We need cushioning, and support, don't we? With our shoes and with our heads, in athletic endeavors, protection is key, or is it?
Head trauma in sports is a given. In american football, much science and development has been put into the helmet, which hasn't decreased rates of concussions and traumatic brain injury at all.
Does this sound similar? The same development and research has been applied to shoes (especially running shoes), but this hasn't decreased the rate of foot and running injuries.
Like orthotics, supportive shoes and cushioned mats have become the norm in workplaces, and we haven't seen overuse injuries in the lower extremity decrease either.
Why is this?!
A football helmet may decrease the perception and immediate result of high impact forces, but it doesn't decrease the rate of injury. The same can be said of shoes.
The key is that the helmet decreases the perception of injury rate and mitigates the immediate result. The same can be applied to shoes. An obese person can walk with horrible form on the hardest man-made surfaces for months and possibly years with no ill result, but the cumulative impacts of this are comparable to head shots to a boxer or years of hard hits to a football player in a helmet. It is not until soft tissue damage is at a chronic and nearly irreversible level that people take notice.
When the typical overweight modern man walks barefoot, he can barely tolerate it.
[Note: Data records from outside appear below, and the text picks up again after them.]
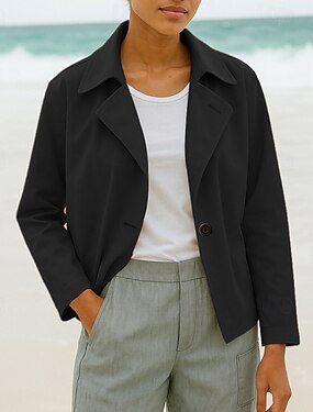 Per donna Giacca Casual Giacche strutturate Regolabile Tinta unica Casual / Quotidiano Elegante Vestibilità regolare Capispalla Manica Lunga Primavera Nero S
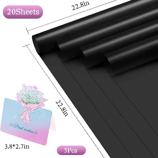 Flower Wrapping Paper Waterproof Floral Sheets with Cards for DIY Craft Florist Packaging 22.8 x 22.8 in. Black
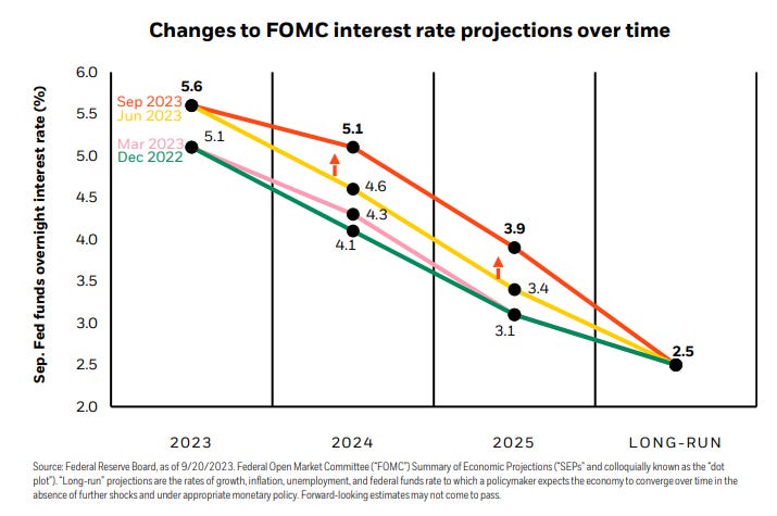 By the start of 2023, the Fed thought we’d get no higher than 5.1% but even that wasn’t high enough. Here we are today up to 5.6%.
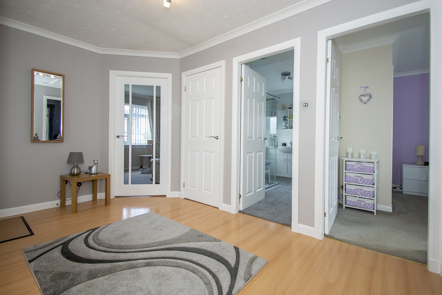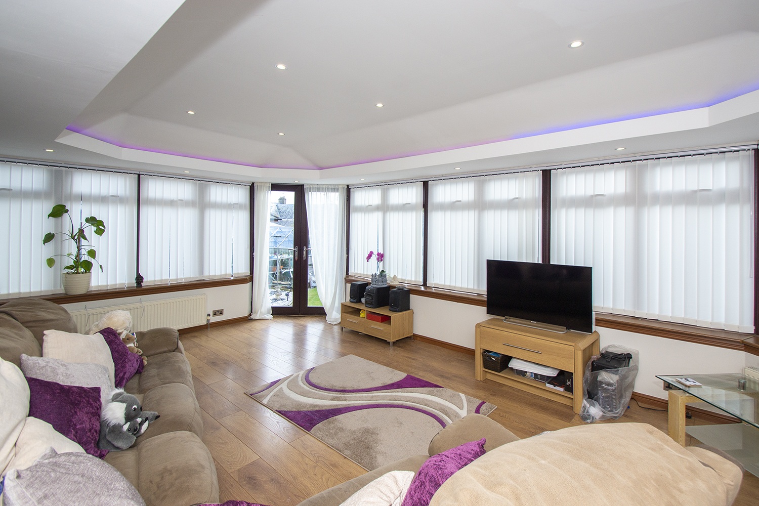 The accommodation comprises of hallway, front facing spacious lounge with twin aspect window formation which allows an abundance of natural light to flow through, family shower room comprising of w.c, wash hand basin and glass shower cubical and door leading to the master bedroom with built in mirror wardrobes, study with double glazed patio doors leading into the large sunroom, modern kitchen comprising of wall and base units with complimentary worktops, integrated electric hob and oven, the kitchen also leads to the sun room, bedroom two which is front facing and good sized double bedroom with fitted wardrobe.
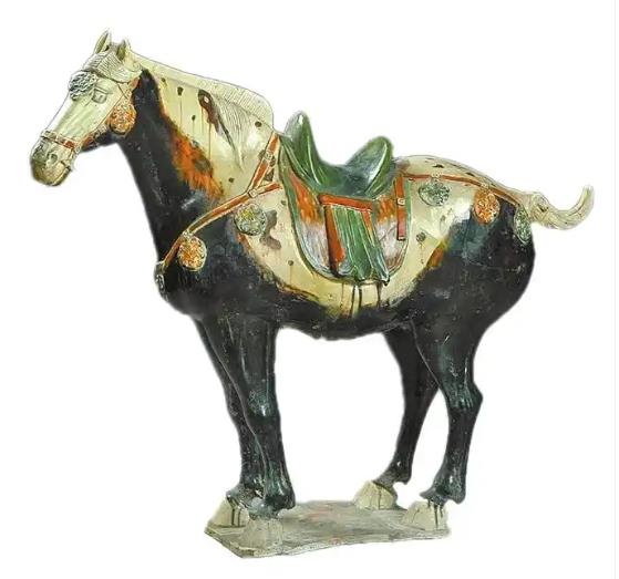唐三彩是盛行于唐代的一种低温彩釉陶器。它不止3种颜色,所谓“三彩”是多彩之义。除常见的黄、绿、白,还包括褐、蓝、紫等釉色。由于当时的釉料中并未包含黑色,匠人需反复施釉方能偶然在窑火中淬炼出深邃的黑色。这尊三彩黑釉马的珍贵,正在于这“偶然”中的“必然”。
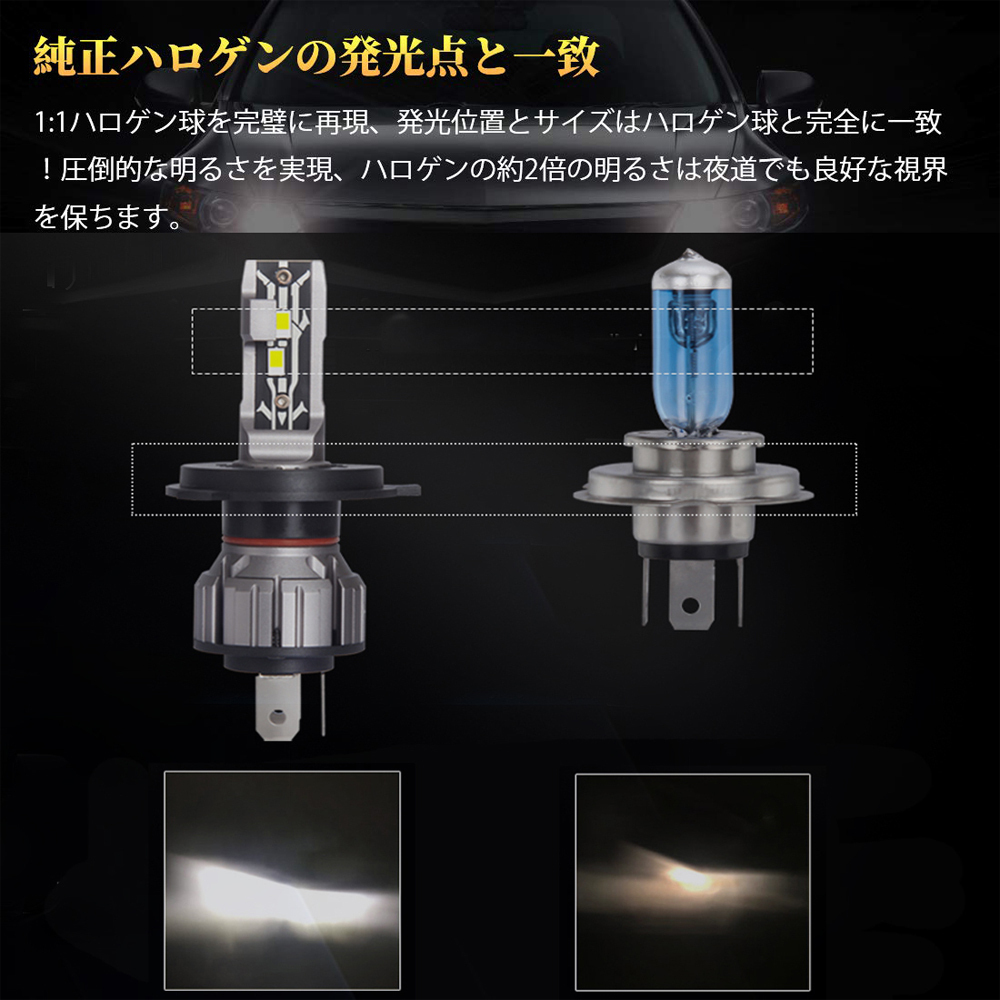 LEDヘッドライトは純正ハロゲン球に比べ明るく、光度と照射距離が約3倍!
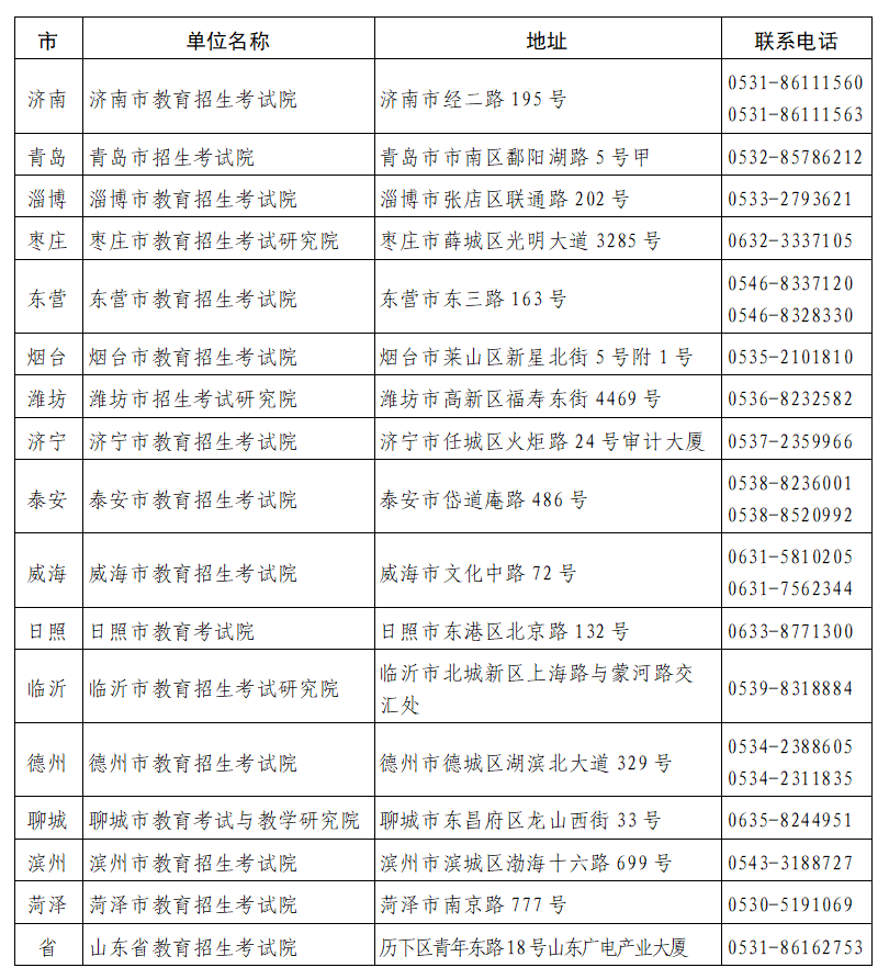 附件:山东省2023年普通高等教育专科升本科招生考试省、市教育招生考试机构地址及联系方式
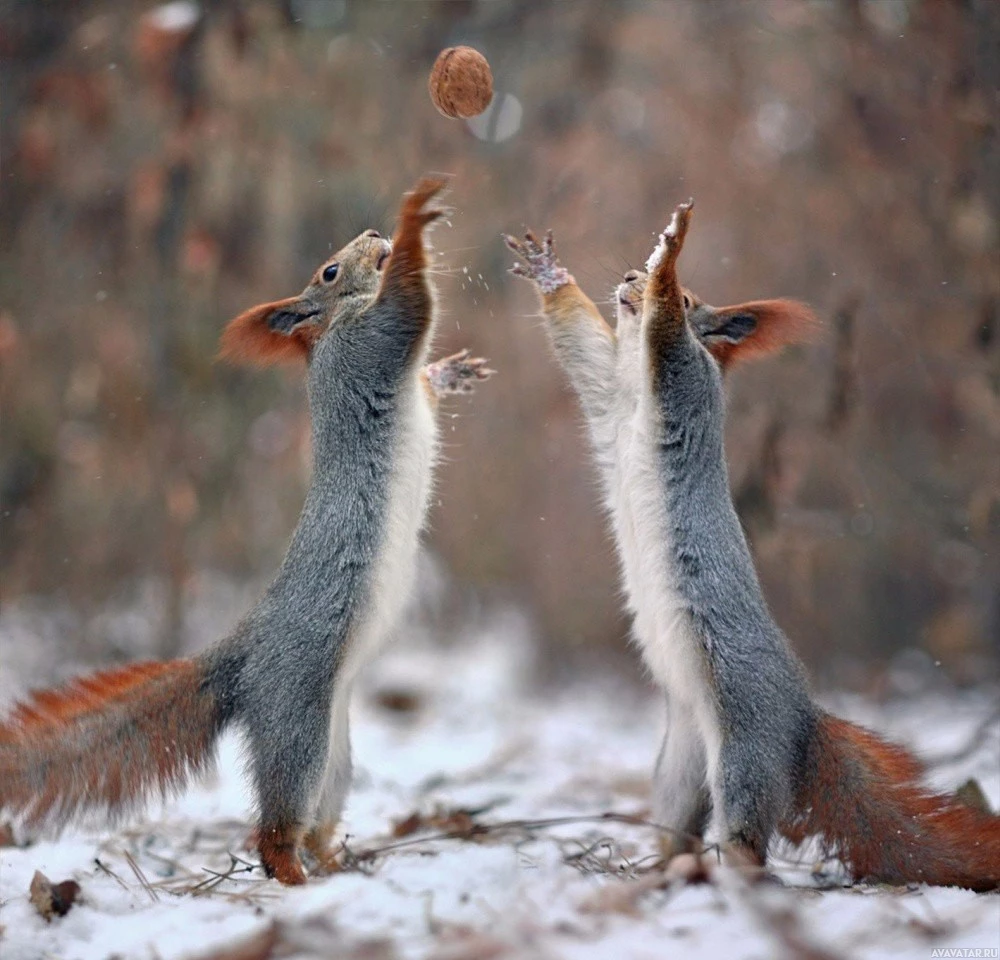 Картинка показывает двух красных белок, взаимодействующих друг с другом. Одна белка бросает или бросает что-то, возможно, еду или мяч, на другую белку, которая пытается поймать ее. Действие происходит в месте, которое выглядит как снежный лес.
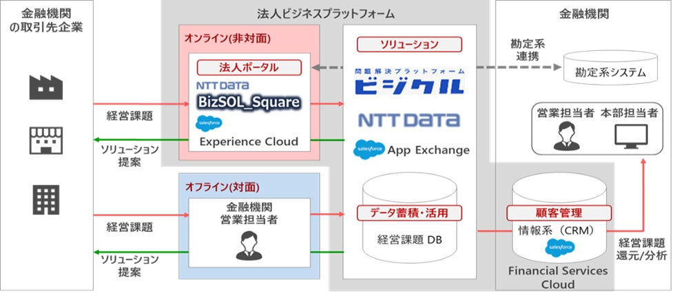 具体的には、三菱UFJ銀行がこれまで培ってきた対面・非対面チャネル運営のノウハウを基に、BusinessTechの非金融領域における問題解決プラットフォーム「ビジクル」と、インターネットバンキングや多種多様なソリューションとの連携が可能なNTTデータの法人向けポータルサービス「BizSOL_Square」、Salesforceが提供する「Salesforce Financial Services Cloud」などの顧客関係管理(CRM)システムを連携して提供いたします。これらを組み合わせることで、プラットフォーム上の様々なデータの一元管理やデータ分析に基づく提案の高度化、オンライン・オフライン両面でのシームレスな情報提供など、新たな顧客体験を実現いたします。
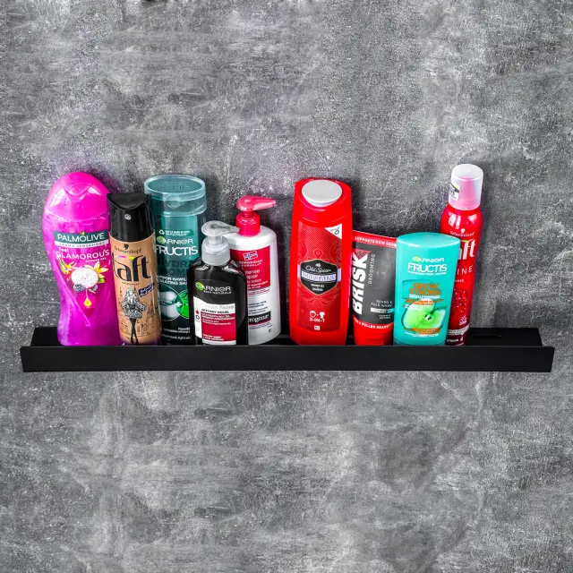Črna kopalniška polica, viseča kopalniška polica za kozmetiko za tuširanje
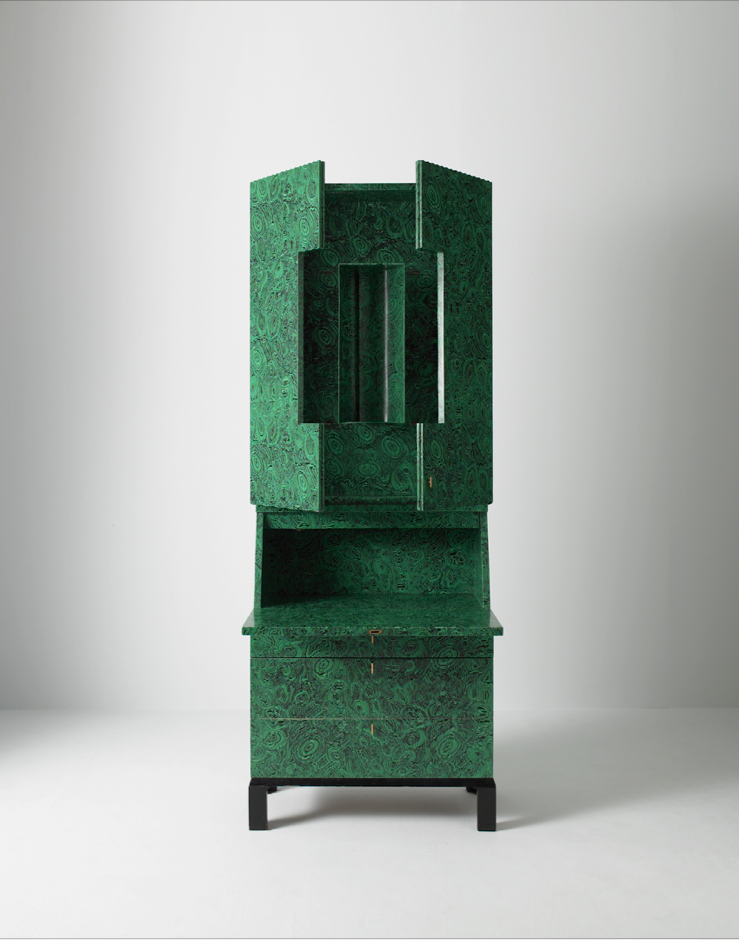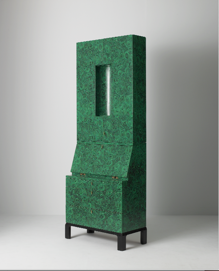 Green lacquered wood, black fake malachite lithographic transfer, metal, brass, glass, lighting device
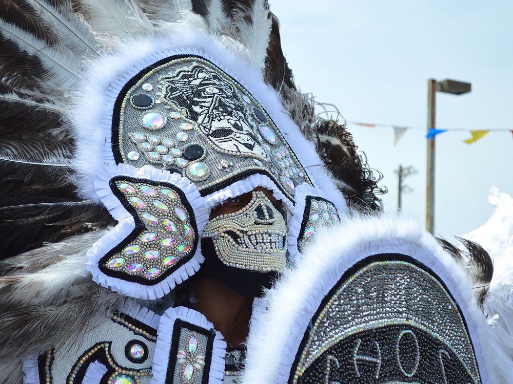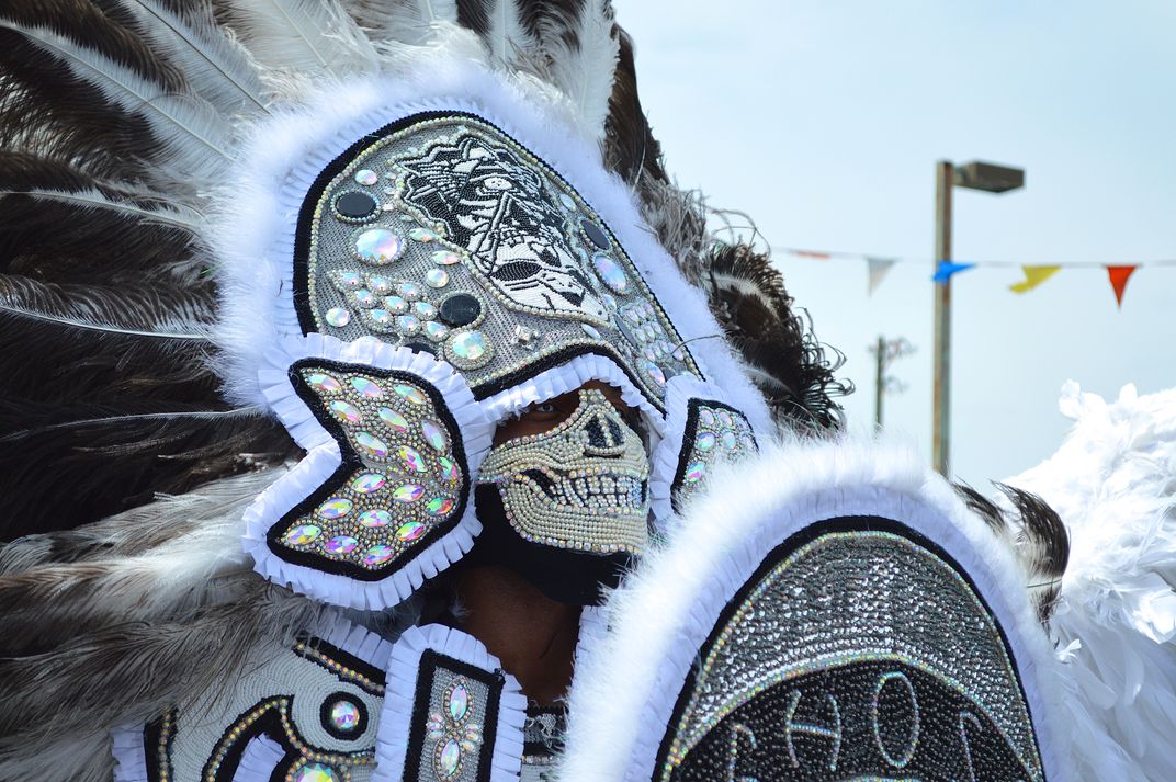 Steve Austin, a member of the Black Mohawks Mardi Gras/Black Masking Indians and also know as Gang Flag Ghost, out on the streets of Uptown New Orleans for Super Sunday.
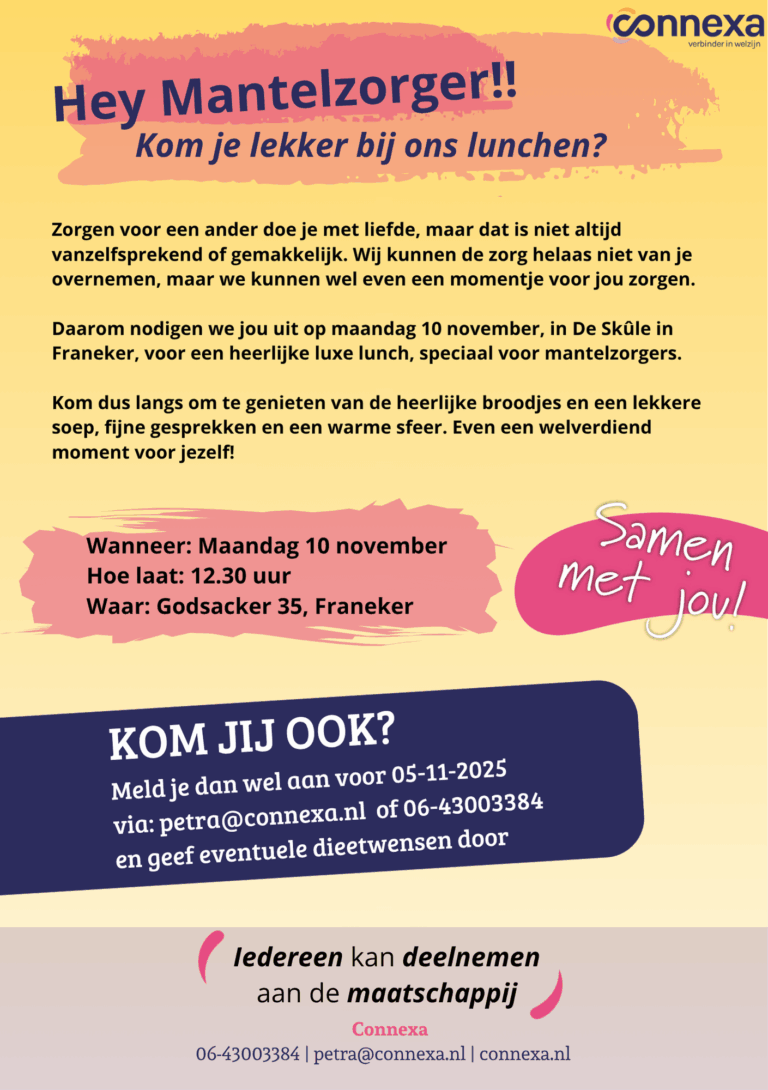 Aanmelden verplicht! Meld je uiterlijk voor 05-11-2025 aan voor via: petra@connexa.nl of 06-43003384
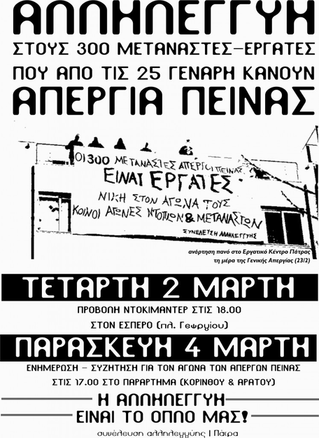 - ΠΑΡΑΣΚΕΥΗ 4/3 στις 17.00 - ενημέρωση-συζήτητση για τον αγώνα των μεταναστών εργατών απεργών πείνας στο Παράρτημα (Κορίνθου κ Αράτου

Though he can almost certainly remember a time in his childhood when this was not the case.
If you ask a football player to take off his helmet and make the same hits without it, he could not possibly fathom doing so.
The idea is the perception of safety that helmets (and shoes) creates. Even with shoes, the impact is still there with our feet, and we exacerbate that with poor mechanics and increased body weight as well as poor walking surfaces.
Wearing a helmet and taking repeated hard hits to the head may not initially feel traumatic, but it certainly is in the long term. Wearing a comfortable shoe that initially mitigates the effect of footstrike, that makes us complacent and comfortable in the short term, will end in poor form and overuse injuries akin to head trauma in football players.
Going barefoot or in minimal shoes will naturally cause us to focus on form and movement patterns that mitigate the effects of overuse trauma. Big bulky shoes may initially protect us from this trauma, but they also make us complacent allowing for massive weight gain and poor movement patterns that exacerbate this impact over the long term.
We are products of evolution. We did not evolve to live in a world of endless food. We did not evolve in a world of concrete and couches. These are the denizens of modern medicine. We ignore this because money and drug companies are the drivers of modern medical research. Biology and evolution should be the drivers of medical research. If you continue to rely on drugs and orthotics, many modern diseases and foot ailments will continue to be the bane of your existence. If you begin to look at these problems in an evolutionary perspective and understand that your own health takes work on your part, you will find answers and solutions.